# newbie question - please help



## jsaffy (Apr 10, 2012)

i just found this forum and am not very computer literate so please bear with me. i would like to relocate to madeira or the azores. my reading tells me that getting a temporary residency is the best way to go. the one thing i cannot find is the financial requirements to extend my stay past the 3 month tourist visa. does anyone know the savings or income level portugal requires?


----------



## canoeman (Mar 3, 2011)

Just answered in your other post, for mainland Portugal it's around 485€ per month, plus you have to have Health Insurance


----------



## jsaffy (Apr 10, 2012)

canoeman said:


> Just answered in your other post, for mainland Portugal it's around 485€ per month, plus you have to have Health Insurance


do you have any general opinions/comments on locating to maderia vs the canaries? cost of living, portugese vs spanish culture, the hoops an expat has to jump thru, safety, etc.


----------



## canoeman (Mar 3, 2011)

Personally I'd head for the Portuguese mainland in preference to either Madeira or Canaries and Portugal in preference to Spain, find Portugal a far friendlier and easier place to live than Spain, even with the hoops you sometimes need to jump through

Lived on an island before and yes Madeira and Canaries have their merits, but I found Island living too restrictive.


----------



## jsaffy (Apr 10, 2012)

canoeman said:


> Personally I'd head for the Portuguese mainland in preference to either Madeira or Canaries and Portugal in preference to Spain, find Portugal a far friendlier and easier place to live than Spain, even with the hoops you sometimes need to jump through
> 
> Lived on an island before and yes Madeira and Canaries have their merits, but I found Island living too restrictive.

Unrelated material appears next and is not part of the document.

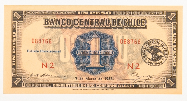 • Numismática, Chile. 1 peso, P. 88 b, Fe.

you are so helpful. thank you. i'm pretty beat up right now and hope an island will be easier to handle initially. madeira worries me a bit as it sounds pretty touristy (and therefore expensive). have looked a little at the azores but would like a warmer climate. am looking into ships to get me there in the next month or two. should probably see if i can arrange something to stop at azores on way to madeira...


----------



## canoeman (Mar 3, 2011)

Ships to the Islands, believe it's only inter island services no longer any ferry services from mainland.

The Portimao service closed Jan 2012, there are cargo and cruise ships that will take passengers but pricey, the only realistic service is air.


----------